*SOURCE MATERIAL*.
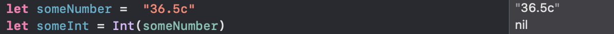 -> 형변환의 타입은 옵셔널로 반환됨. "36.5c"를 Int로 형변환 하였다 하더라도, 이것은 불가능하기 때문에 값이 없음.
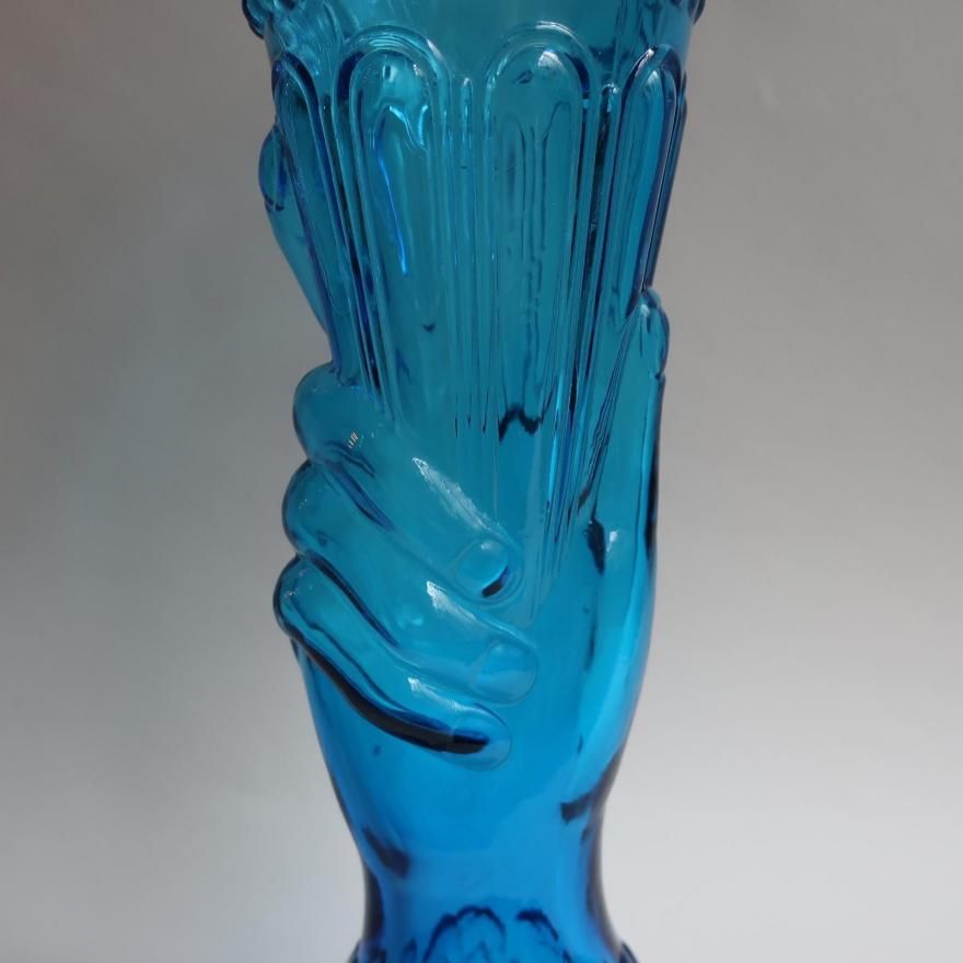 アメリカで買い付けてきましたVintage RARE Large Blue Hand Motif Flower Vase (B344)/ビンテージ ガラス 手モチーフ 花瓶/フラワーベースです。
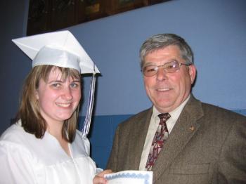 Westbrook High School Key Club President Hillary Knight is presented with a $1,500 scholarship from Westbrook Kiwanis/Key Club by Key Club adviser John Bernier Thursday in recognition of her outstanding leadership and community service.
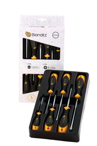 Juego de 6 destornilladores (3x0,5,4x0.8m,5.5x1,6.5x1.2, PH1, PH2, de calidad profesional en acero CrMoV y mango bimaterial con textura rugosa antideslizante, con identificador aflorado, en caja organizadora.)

*WHAT YOU ARE ASKED TO DO*.
Give the data back exactly, omitting all pictures.

*RESPONSE AREA*.
 -> 형변환의 타입은 옵셔널로 반환됨. "36.5c"를 Int로 형변환 하였다 하더라도, 이것은 불가능하기 때문에 값이 없음.
 アメリカで買い付けてきましたVintage RARE Large Blue Hand Motif Flower Vase (B344)/ビンテージ ガラス 手モチーフ 花瓶/フラワーベースです。
 Westbrook High School Key Club President Hillary Knight is presented with a $1,500 scholarship from Westbrook Kiwanis/Key Club by Key Club adviser John Bernier Thursday in recognition of her outstanding leadership and community service.
 Juego de 6 destornilladores (3x0,5,4x0.8m,5.5x1,6.5x1.2, PH1, PH2, de calidad profesional en acero CrMoV y mango bimaterial con textura rugosa antideslizante, con identificador aflorado, en caja organizadora.)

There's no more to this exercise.